• [Instructions for the task]
Beginning with the line that holds "1. absoluteFrequencyPointA +" and ending with the last line of the entries below, copy every line exactly and nothing else, with the pictures left out.

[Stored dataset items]
####################

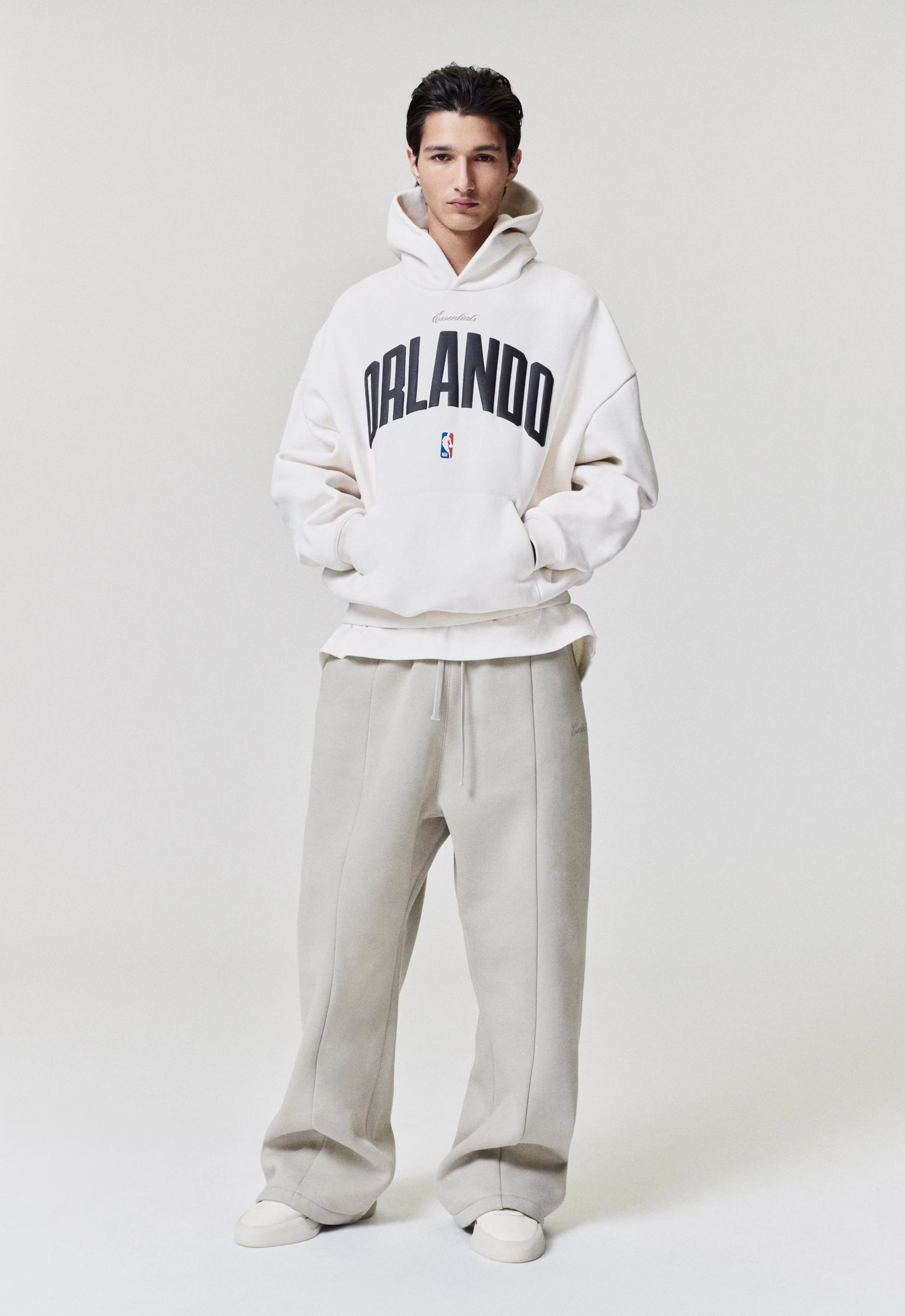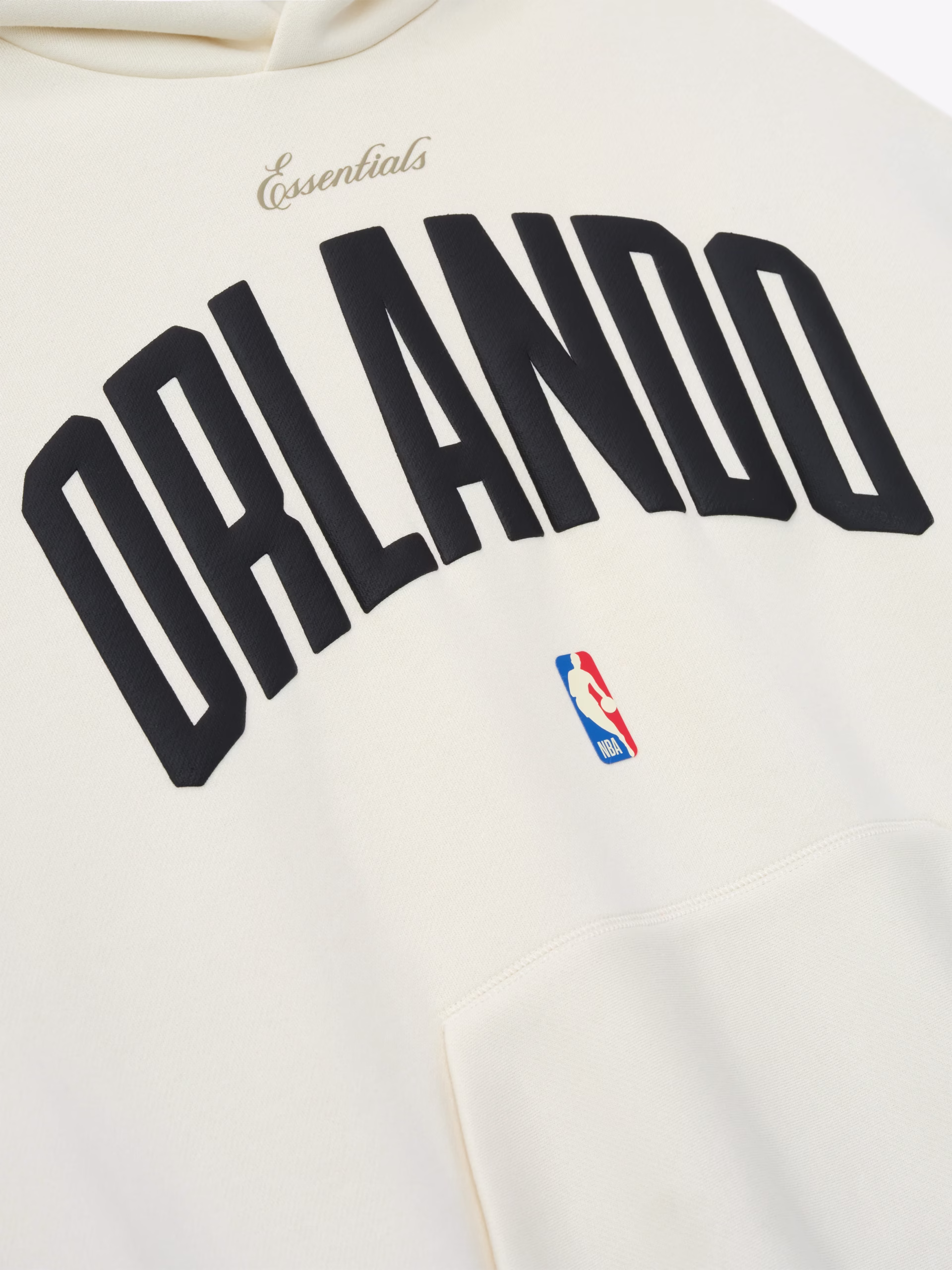 The Orlando 90s Hoodie is crafted from a heavy 480GSM core fleece and designed in a relaxed, 90s-inspired fit. The front showcases a puff-printed ESSENTIALS Orlando graphic, complemented by an official NBA logo, while the back showcases the Magic logo. Additional features include a kangaroo pocket, rib-knit cuffs and waist hem, and a Fear of God Essentials label accenting the hood.
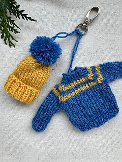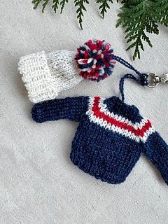 Small in size, big in spirit! Knit the adorable charm-sized sweater and hat in your team’s colors to share the joy of unity and support.
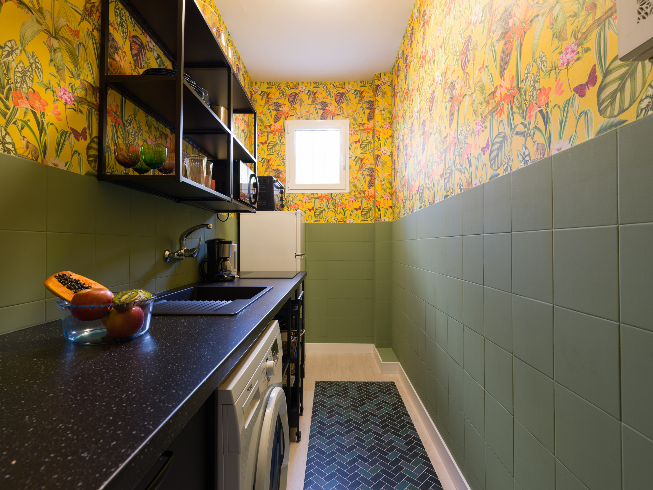 This property with character, stands out in its decoration for its bohemian and modern style. With vibrant colours in the bathroom and kitchen and Asian paintings and textile details in the bedroom and living room, it is a very special house.
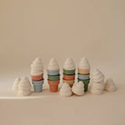 The Mushie mix and match ice cream toy set will add a scoop of fun to playtime. Made in four delicious shades, littles can practice color matching or get creative and serve up their own combinations. The squeezable silicone ice cream tops and cones easily separate and reattach to help develop fine motor skills and hand-eye coordination. Made of non-toxic, easy-to-clean silicone, these are a perfect addition to play kitchens, bath time, or beach days.
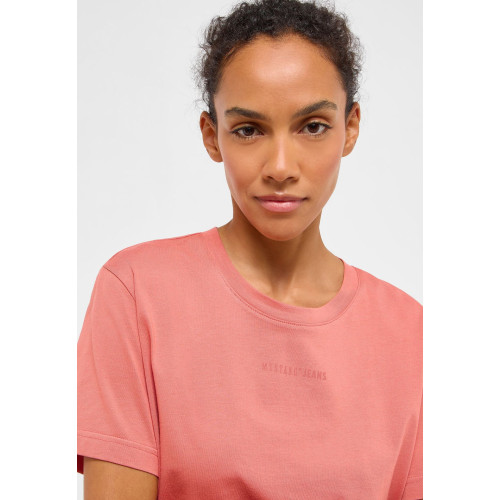 Женская футболка Mustang с логотипом в тон, свободного прямого кроя, круглый вырез горловины, короткий рукав
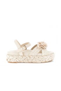 sandali incrocio su zeppa fascia raffia con fiori beige
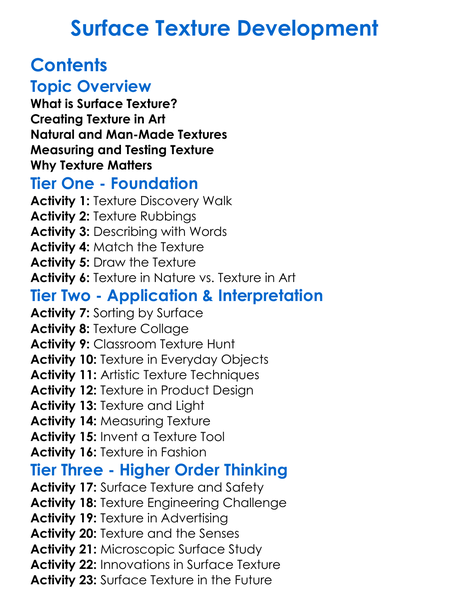 Surface Texture Development Worksheet Activity Booklet
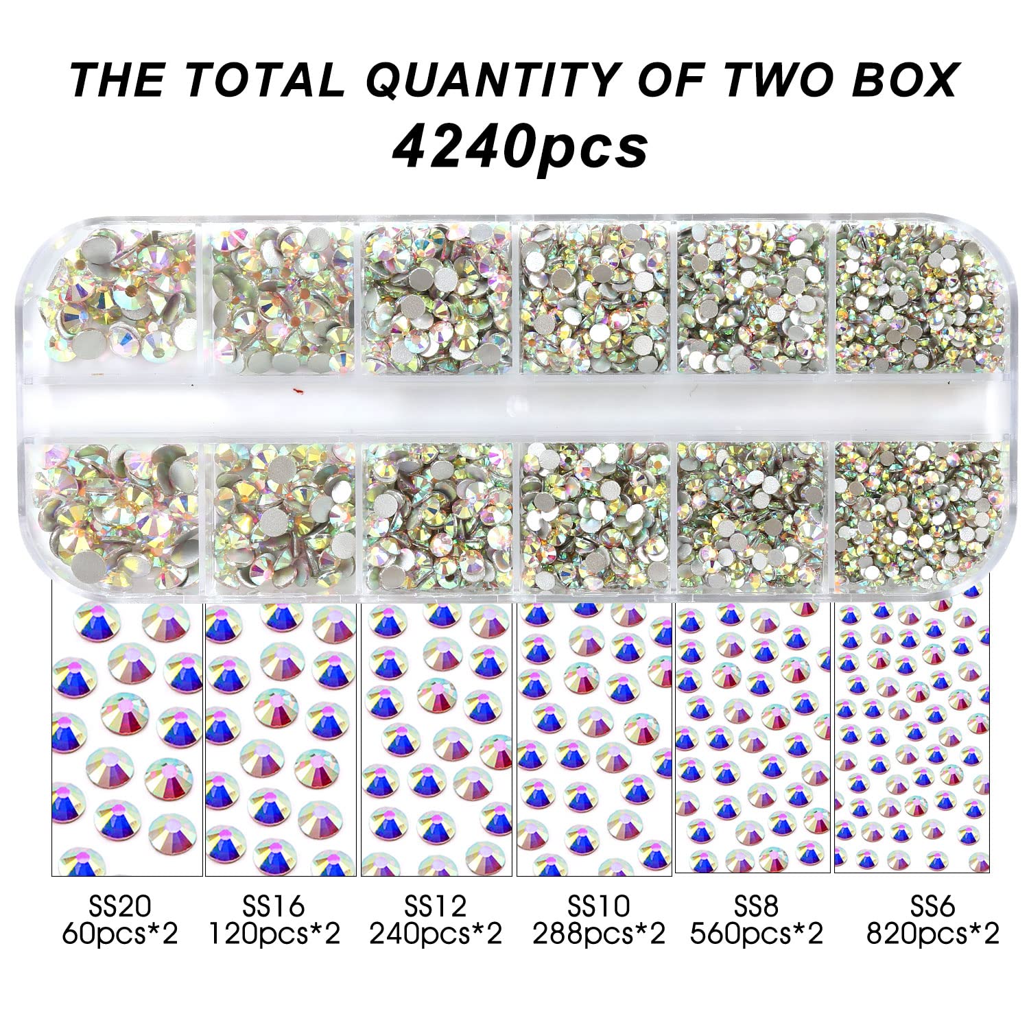 4240Pcs Flatback Crystal Ab Rhinestones Glass Gems for Nail Art Jewels Makeup Tumblers Shiny Round with Tweezers and Picking Pen (SS6~SS20 Set)
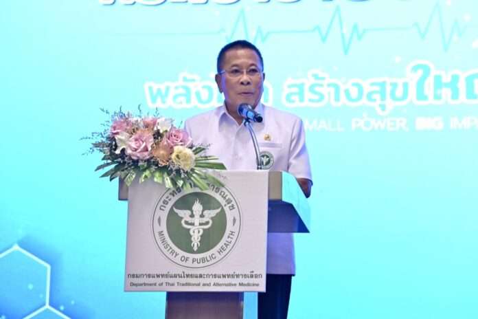 วันนี้ (8 กันยายน 2568) ที่ โรงแรมไมด้า แกรนด์ ทวารวดี จ.นครปฐม นายอนุชา สะสมทรัพย์ รัฐมนตรีช่วยว่าการกระทรวงสาธารณสุข เปิดการประชุมเชิงปฏิบัติการสร้างความรอบรู้สมุนไพรเบื้องต้น สำหรับอาสาสมัครสาธารณสุขประจำหมู่บ้าน (อสม.) พร้อมเปิดตัว “กระเป๋ายาสมุนไพรประจำบ้าน” โดยมี นพ.สมฤกษ์ จึงสมาน อธิบดีกรมการแพทย์แผนไทยและการแพทย์ทางเลือก นพ.ปิยะ ศิริลักษณ์ ผู้ตรวจราชการกระทรวงสาธารณสุข เขตสุขภาพที่ 11 นายฐิติพันธ์ จูจันทร์โชติ ผู้ช่วยเลขานุการรัฐมนตรีว่าการกระทรวงสาธารณสุข นพ.วิโรจน์ รัตนอมรสกุล นายแพทย์สาธารณสุขจังหวัดนครปฐม คณะผู้บริหาร นางนงนุช บุญมาเลิศ รองประธานอาสาสมัครสาธารณสุขประจำหมู่บ้าน อสม. และเจ้าหน้าที่จากโรงพยาบาลส่งเสริมสุขภาพตำบล ของ 7 อำเภอในจังหวัดนครปฐม และบุคลากรทางการแพทย์ที่เกี่ยวข้อง เข้าร่วมกว่า 500 คน
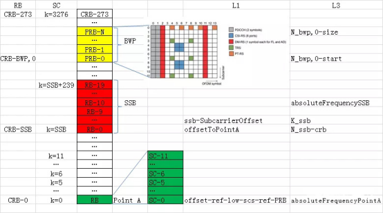 1. absoluteFrequencyPointA + offsetToPointA×15×12/5 + ssb-SubcarrierOffset×15/5 = absoluteFrequencySSB - 10×12×subCarrierSpacingCommon/5
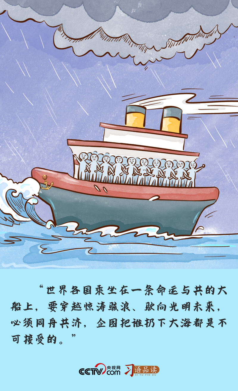 2022年1月17日,在2022年世界經(jīng)濟論壇視頻會議上,習主席深刻闡釋“小船”和“大船”的關系:“各國不是乘坐在190多條小船上,而是乘坐在一條命運與共的大船上。小船經(jīng)不起風浪,巨艦才能頂住驚濤駭浪。”
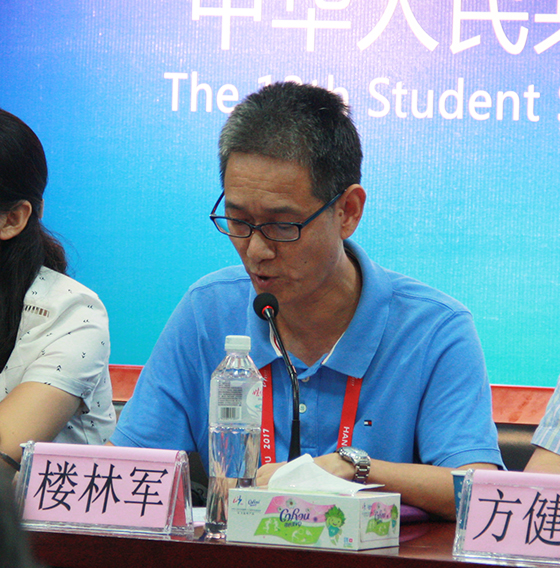 我校副校长、本次中学男排竞委会执行主任楼林军就筹备情况及赛事安全等注意事项向与会者作了相关介绍。楼校长表示,自我校2015年接到承办任务以来,学校高度重视,并成立专门的组织机构,制订详细的筹备工作方案,各职能部门分工明确,全校师生员工积极配合,团结协作,提前完成专项设备及重要器材的采购安装调试工作。筹备期间,我校多次召开各类会议,接待各级有关领导和部门来校指导。为确保本次中学男排比赛顺利举行,相关部门人员更是利用暑期休息时间,全身心地投入到筹备工作中,包括安全保卫、医疗卫生、信息技术、环境整治等,积极营造浓厚的比赛氛围。

####################

• [Response to this exercise]
 1. absoluteFrequencyPointA + offsetToPointA×15×12/5 + ssb-SubcarrierOffset×15/5 = absoluteFrequencySSB - 10×12×subCarrierSpacingCommon/5
 2022年1月17日,在2022年世界經(jīng)濟論壇視頻會議上,習主席深刻闡釋“小船”和“大船”的關系:“各國不是乘坐在190多條小船上,而是乘坐在一條命運與共的大船上。小船經(jīng)不起風浪,巨艦才能頂住驚濤駭浪。”
 我校副校长、本次中学男排竞委会执行主任楼林军就筹备情况及赛事安全等注意事项向与会者作了相关介绍。楼校长表示,自我校2015年接到承办任务以来,学校高度重视,并成立专门的组织机构,制订详细的筹备工作方案,各职能部门分工明确,全校师生员工积极配合,团结协作,提前完成专项设备及重要器材的采购安装调试工作。筹备期间,我校多次召开各类会议,接待各级有关领导和部门来校指导。为确保本次中学男排比赛顺利举行,相关部门人员更是利用暑期休息时间,全身心地投入到筹备工作中,包括安全保卫、医疗卫生、信息技术、环境整治等,积极营造浓厚的比赛氛围。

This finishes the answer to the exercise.